About 5yrs ago I was up to Strawberry on my wheeler very early in the morning. It was still a little dark and around 20 below. I parked at the marina and headed out towards haws point and renegade bay. As I rounded Haws carefully avoiding the pressure ridge. I drove right down the middle of the bay toward the old dam sight near Renegade bay. Faintly I could see a silouette way down by Big springs and the old campground. As I got a little closer I could see it was a man waving his arms frantically. (great what does this guy need). As I got to him he was out of breath and couldnt explain. But I got that he and his son and buddies had gone threw the ice. Put him on the bike and raced over to Big springs. These boys were in need for sure. All were out of the water but with the cold temps they were freezeing fast. The little boy was the first concern. I set up my shed and turned on some heat. I carry an extra coat and donated my long johns to the boy. Once I got him settled a bit w/dad. I attended to the othe two men. One was soaked and the other just above his knees. Ok were settled! Now lets get you guys outta here! What about my 4 wheeler? (the man asked) WTF? I said your gonna have come back for that later! No I aint leaving W/out that 4 wheeler. Hmm. Well here some rope have some fun. No! your not useing my 4 wheeler to pull it out. Why? See that hole over there? I aint going anywhere near it. Im sure the guy thought I was a jerk. Whatever. To make a long story shorter I stayed and fished nearby W/the little boy while they did in fact retrieve the 4 wheeler. It wouldnt run or roll. So we put it on a tarp and dragged it back. (hard on my machine). Since then I am quite weary around Big spings and the old dam by Renegade and allways see thin ice over there. So please be carefull. 
I dont want you ruining my day of fishing! :lol: :evil:


----------



## americanforkdude (Sep 13, 2007)

iron bear i'm unaware of where the old dam was. Is it over by the narrows? That is a crazy story. How the heck did they get there machine out? Was it just in the shallows? That sucks. I fished the meadows a couple years ago with a snowmobile and my big old cousin and i couldn't believe how much more slush and crap was on the ice over there. I don't know what would make it do that. I am aware of the pressure crack that runs from Haws point across towards the ladders every year but that's the only one i have usually seen. I seen a guys dog fall in that one year and so did he up to his knee.


----------



## havnfun (Dec 3, 2007)

The first year I started ice fishing I stepped in a not so frozen hole from the night before. I only went in to my knee but I thought I was going in for sure!! I was in and out so fast (adreneline) that it took a second before I realized what really had happened.


----------



## Iron Bear (Nov 19, 2008)

The old dam runs between the tiny islands at the mouth of horse creek bay and runs east to island mtn. Near the narrows. Big springs is located just north of the tiny islands. 15 to 20ft water depending on lake level. Their wheeler kinda floated. They looped the rope under the bike. With men on opposite sides pulled the rope tight. It would raise the bike up enough to get the front wheels near the surface. Then they would all run forward and pull the bike half way out. It sounds simpler than it was. It took them most the day. As the ice kept bustin making the hole bigger and bigger. As for slush. When snow builds on top of the ice. The weight of the snow forces the ice to submerge. Water seeps threw cracks or your ice hole and hence slush. I drilled a hole at Strawberry after a big snow once and had a gusher about 1 ft high of water come up. Good grief what a mess. To add insult to injury the snow then insulates the water from refreezing.


----------



## k2muskie (Oct 6, 2007)

havnfun said:


> The first year I started ice fishing I stepped in a not so frozen hole from the night before. I only went in to my knee but I thought I was going in for sure!! I was in and out so fast (adreneline) that it took a second before I realized what really had happened.

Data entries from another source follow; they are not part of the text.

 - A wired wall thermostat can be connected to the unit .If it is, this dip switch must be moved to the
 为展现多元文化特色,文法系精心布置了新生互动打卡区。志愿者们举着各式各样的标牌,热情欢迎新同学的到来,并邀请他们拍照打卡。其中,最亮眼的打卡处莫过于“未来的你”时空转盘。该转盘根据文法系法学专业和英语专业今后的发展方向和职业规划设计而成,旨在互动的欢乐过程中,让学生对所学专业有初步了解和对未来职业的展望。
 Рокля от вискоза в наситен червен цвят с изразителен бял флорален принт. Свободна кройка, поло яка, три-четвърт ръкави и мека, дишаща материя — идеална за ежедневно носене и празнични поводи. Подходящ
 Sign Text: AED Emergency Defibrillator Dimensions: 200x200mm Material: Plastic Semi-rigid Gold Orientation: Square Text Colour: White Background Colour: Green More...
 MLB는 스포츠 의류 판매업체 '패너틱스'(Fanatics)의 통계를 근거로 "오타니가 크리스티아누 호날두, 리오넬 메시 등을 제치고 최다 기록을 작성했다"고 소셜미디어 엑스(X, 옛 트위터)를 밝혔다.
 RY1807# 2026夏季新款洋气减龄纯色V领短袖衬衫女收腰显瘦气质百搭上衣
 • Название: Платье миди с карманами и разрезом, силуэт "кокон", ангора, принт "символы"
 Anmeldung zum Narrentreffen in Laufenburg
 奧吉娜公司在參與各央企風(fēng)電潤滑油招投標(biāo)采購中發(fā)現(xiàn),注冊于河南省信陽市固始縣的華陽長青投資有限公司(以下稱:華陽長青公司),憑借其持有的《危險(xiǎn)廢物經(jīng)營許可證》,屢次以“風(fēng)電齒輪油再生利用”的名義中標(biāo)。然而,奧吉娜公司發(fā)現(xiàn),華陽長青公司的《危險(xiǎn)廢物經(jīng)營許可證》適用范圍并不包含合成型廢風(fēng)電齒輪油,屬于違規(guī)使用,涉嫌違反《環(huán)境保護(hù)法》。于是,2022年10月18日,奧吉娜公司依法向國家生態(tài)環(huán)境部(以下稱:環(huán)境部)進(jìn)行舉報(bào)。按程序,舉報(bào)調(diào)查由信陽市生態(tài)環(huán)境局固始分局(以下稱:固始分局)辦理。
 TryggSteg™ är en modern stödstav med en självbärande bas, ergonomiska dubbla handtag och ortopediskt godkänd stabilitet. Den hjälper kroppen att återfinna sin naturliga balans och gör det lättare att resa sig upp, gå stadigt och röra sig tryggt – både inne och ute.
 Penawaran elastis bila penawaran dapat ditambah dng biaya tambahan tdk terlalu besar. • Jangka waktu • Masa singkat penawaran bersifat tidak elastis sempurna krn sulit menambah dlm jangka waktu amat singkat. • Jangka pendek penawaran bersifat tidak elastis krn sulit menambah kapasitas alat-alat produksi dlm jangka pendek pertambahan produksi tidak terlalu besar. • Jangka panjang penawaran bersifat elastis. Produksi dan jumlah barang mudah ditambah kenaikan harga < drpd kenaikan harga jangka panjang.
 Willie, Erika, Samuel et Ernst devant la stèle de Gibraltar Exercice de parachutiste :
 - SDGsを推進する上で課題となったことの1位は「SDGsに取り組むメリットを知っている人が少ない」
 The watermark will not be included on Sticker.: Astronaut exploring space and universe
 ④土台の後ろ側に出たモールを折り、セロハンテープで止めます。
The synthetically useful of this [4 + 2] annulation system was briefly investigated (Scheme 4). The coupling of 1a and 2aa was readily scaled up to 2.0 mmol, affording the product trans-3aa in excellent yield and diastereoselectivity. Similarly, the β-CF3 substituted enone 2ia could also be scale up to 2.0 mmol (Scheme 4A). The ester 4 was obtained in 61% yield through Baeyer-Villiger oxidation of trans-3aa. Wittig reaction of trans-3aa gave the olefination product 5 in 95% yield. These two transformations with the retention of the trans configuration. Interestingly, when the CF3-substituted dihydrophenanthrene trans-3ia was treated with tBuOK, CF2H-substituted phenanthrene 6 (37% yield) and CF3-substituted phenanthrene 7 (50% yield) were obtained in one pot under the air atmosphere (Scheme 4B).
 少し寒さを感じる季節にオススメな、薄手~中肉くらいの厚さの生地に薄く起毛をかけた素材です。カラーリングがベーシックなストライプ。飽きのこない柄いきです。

Ditto 'first trip' the 'fate' fairy struck as I also found a previous day's ice hole...my left leg went in all the way to my hip slamming onto the ice. Scared the CRAPOLA -)O(- out me. Told fish'n partner to stay the @@@@ away from me as I knew we'd both go in next.

I had the mother of mother bruise with'n a day on my hip that you wouldn't believe. Every and I mean EVERY color in the rainbow and beyond the rainbow...and HUGE :shock:

If you can imagine it...it happened. I laugh about it now...but not at the time...definitely a memorable and priceless "first" ice fish'n trip. :mrgreen:

:wink: :wink:


----------



## quakeycrazy (Sep 18, 2007)

It never ceases to amaze me how many people go out with snowmobiles and Atv's when the ice is just forming, I was at Strawberry last year in the Marina area with 3 inches of ice and every time a snowmobile went by you literally thought the ice was going out from underneath you. I don't care if you are willing to risk your life but stay away from others during the initial freeze period.


----------



## Huge29 (Sep 17, 2007)

I have not fallen through personally, on a trip to Millsite last year I about peed my pants, no snow and the ice is totally clear so you see all the way to the bottom, freaked me out! I am accustomed to Scofield with 1+' of snow so there is really no thought about how much ice and water below. My son stepped into a hole of our own, freaked him out and wanted to go home. Fortunately we had tents, heater and lots of clothes. Made my thermal top into pants for him :lol: 

I have heard a few stories of the Berry and folks falling through. Particularly on snowmobiles running over a hot spring, which there are apparently man of. Could be quite dangerous to the point of decapitation if one was to hit a soft spot going very fast with hitting the other hard side just as sled is under the ice OUCH! :shock:


----------



## Iron Bear (Nov 19, 2008)

A Snowmobile going fast enough about 30 or so will stay on top of the water. Just dont stop.


----------



## FLYFSHR (Apr 16, 2008)

I had a buddy that used to race snowmobiles across open water.
He always wanted me to do it with him but I could never muster up enough nerve. Getting hurt was never an issue but sinking the sled was.
I had plenty of fun just watching him do it.


----------



## Huge29 (Sep 17, 2007)

Iron Bear said:


> A Snowmobile going fast enough about 30 or so will stay on top of the water. Just dont stop.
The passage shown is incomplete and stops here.